**What is required:** Would you please repeat, word for word, only the lines from the one holding "ومِن ذلك ما" through the one holding "等間隔に種芋を並べるため、小" in the material below, without the pictures?

===== Dataset excerpts =====

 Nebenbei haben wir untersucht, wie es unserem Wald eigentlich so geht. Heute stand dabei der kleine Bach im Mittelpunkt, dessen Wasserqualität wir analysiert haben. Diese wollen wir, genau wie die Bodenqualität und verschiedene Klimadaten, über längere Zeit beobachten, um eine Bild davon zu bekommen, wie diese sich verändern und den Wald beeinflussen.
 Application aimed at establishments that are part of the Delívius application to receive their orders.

=====
===== Dataset excerpts =====

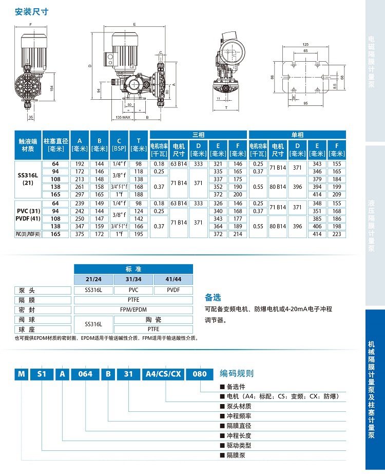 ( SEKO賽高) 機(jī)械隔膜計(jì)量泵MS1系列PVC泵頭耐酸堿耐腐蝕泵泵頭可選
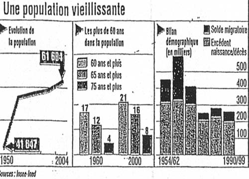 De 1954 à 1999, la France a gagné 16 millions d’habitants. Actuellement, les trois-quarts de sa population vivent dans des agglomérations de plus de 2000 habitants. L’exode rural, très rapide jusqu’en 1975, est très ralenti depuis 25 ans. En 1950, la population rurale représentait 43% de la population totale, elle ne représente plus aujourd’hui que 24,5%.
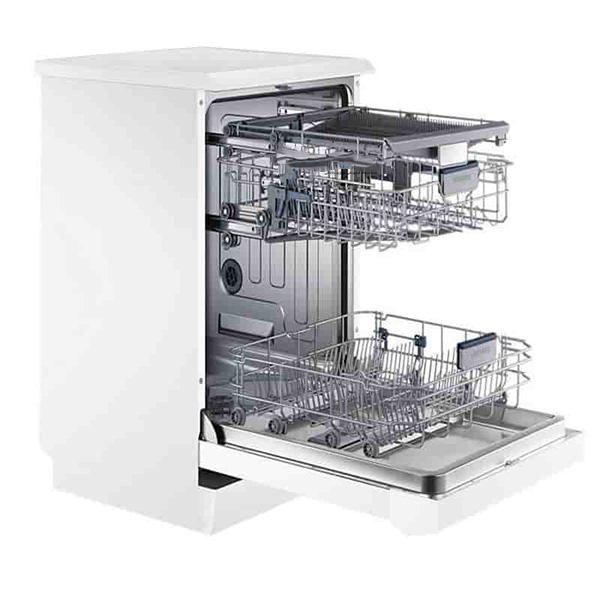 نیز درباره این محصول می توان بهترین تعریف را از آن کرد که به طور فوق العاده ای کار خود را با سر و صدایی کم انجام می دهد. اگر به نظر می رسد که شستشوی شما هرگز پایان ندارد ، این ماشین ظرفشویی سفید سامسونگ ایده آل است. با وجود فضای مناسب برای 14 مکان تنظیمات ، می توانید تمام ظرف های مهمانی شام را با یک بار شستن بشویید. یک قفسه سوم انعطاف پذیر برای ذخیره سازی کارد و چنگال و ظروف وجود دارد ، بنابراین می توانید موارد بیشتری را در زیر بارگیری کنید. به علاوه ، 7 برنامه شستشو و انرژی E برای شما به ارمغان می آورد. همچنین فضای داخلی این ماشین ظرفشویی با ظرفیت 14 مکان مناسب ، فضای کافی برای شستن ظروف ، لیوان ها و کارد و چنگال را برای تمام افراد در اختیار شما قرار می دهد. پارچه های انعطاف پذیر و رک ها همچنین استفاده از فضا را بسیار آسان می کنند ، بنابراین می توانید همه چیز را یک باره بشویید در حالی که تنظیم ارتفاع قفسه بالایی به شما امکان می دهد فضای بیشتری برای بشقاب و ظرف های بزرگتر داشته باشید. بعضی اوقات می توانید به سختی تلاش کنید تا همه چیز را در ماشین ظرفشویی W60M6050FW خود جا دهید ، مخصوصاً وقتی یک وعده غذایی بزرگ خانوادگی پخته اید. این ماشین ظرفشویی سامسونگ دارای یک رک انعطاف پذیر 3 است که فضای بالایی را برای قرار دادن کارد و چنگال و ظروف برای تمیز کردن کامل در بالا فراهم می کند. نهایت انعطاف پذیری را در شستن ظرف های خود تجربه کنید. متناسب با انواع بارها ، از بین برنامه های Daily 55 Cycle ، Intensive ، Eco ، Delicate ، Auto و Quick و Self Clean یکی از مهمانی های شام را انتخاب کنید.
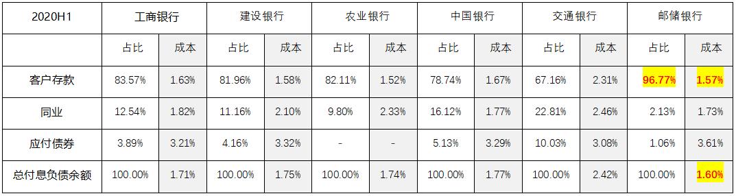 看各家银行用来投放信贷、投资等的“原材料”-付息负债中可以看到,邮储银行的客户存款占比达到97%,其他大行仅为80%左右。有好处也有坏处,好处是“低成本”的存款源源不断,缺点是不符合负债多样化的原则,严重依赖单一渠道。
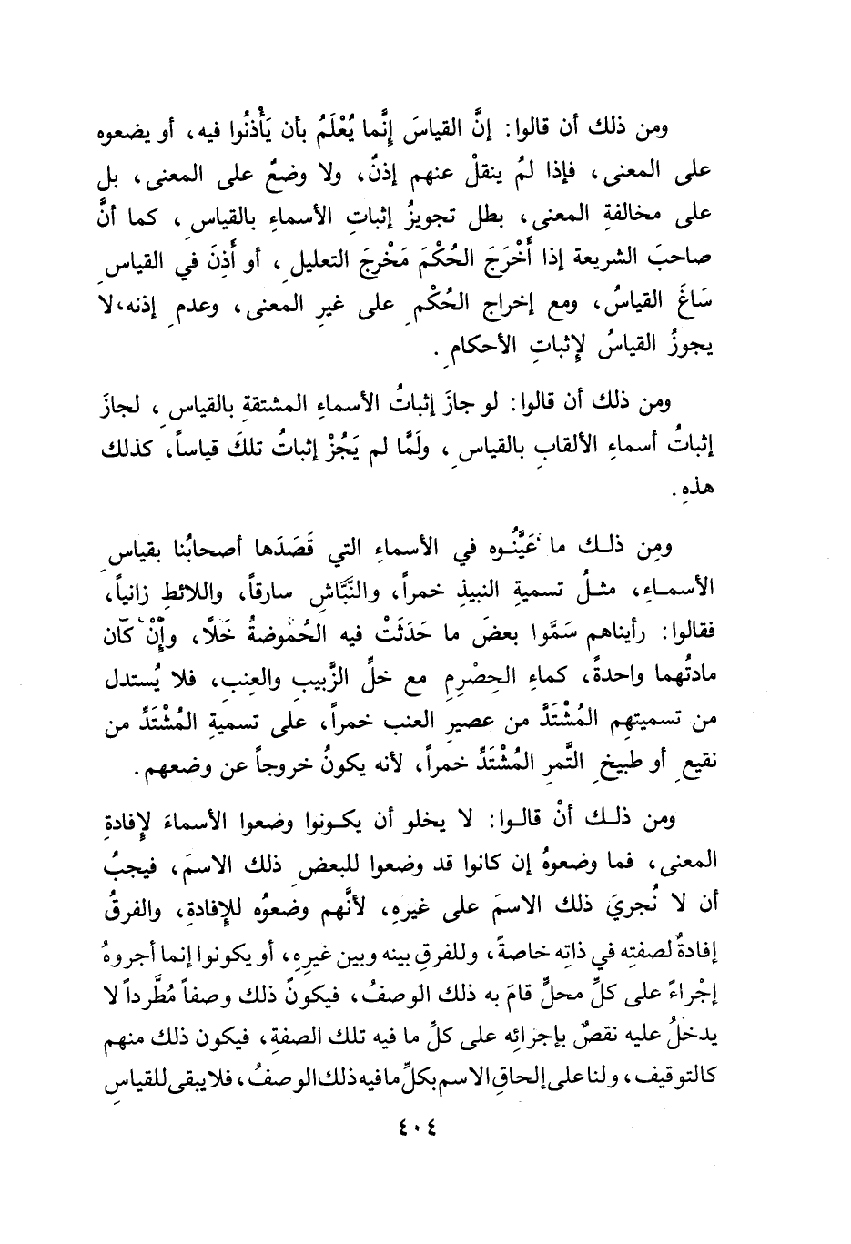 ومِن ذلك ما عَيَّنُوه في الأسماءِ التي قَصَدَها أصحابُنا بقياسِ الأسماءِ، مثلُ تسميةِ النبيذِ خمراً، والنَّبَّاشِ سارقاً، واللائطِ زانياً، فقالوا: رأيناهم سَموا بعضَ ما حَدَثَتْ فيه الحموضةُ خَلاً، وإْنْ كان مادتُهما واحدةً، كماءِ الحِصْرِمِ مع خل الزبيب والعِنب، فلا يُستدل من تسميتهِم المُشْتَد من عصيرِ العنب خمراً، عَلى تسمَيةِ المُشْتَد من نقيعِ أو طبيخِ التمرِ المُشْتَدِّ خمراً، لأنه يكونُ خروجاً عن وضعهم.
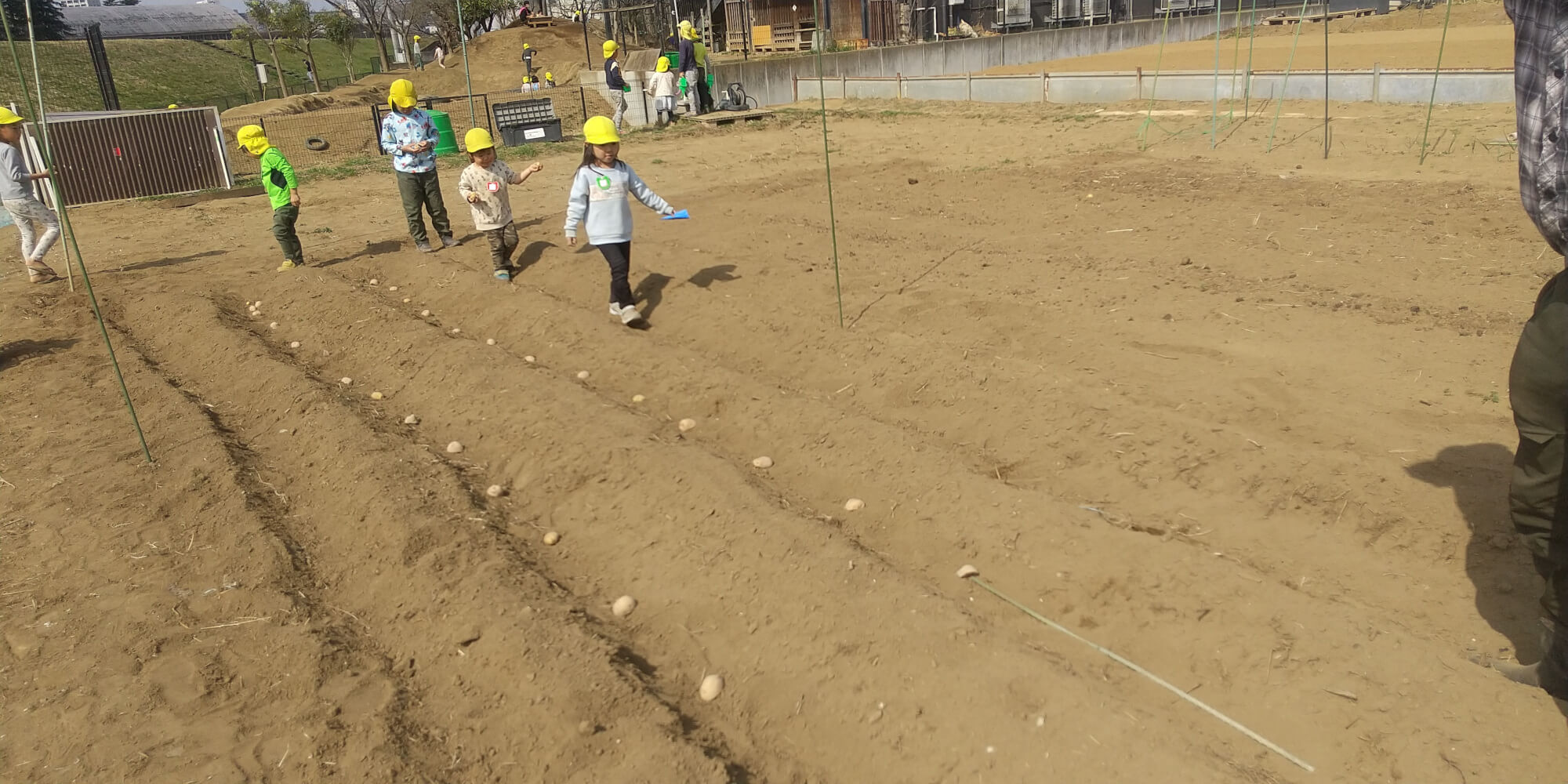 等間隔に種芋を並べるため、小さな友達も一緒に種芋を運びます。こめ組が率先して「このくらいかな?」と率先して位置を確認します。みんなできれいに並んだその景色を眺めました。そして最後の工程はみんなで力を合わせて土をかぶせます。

=====

**Response area:**
 ومِن ذلك ما عَيَّنُوه في الأسماءِ التي قَصَدَها أصحابُنا بقياسِ الأسماءِ، مثلُ تسميةِ النبيذِ خمراً، والنَّبَّاشِ سارقاً، واللائطِ زانياً، فقالوا: رأيناهم سَموا بعضَ ما حَدَثَتْ فيه الحموضةُ خَلاً، وإْنْ كان مادتُهما واحدةً، كماءِ الحِصْرِمِ مع خل الزبيب والعِنب، فلا يُستدل من تسميتهِم المُشْتَد من عصيرِ العنب خمراً، عَلى تسمَيةِ المُشْتَد من نقيعِ أو طبيخِ التمرِ المُشْتَدِّ خمراً، لأنه يكونُ خروجاً عن وضعهم.
 等間隔に種芋を並べるため、小さな友達も一緒に種芋を運びます。こめ組が率先して「このくらいかな?」と率先して位置を確認します。みんなできれいに並んだその景色を眺めました。そして最後の工程はみんなで力を合わせて土をかぶせます。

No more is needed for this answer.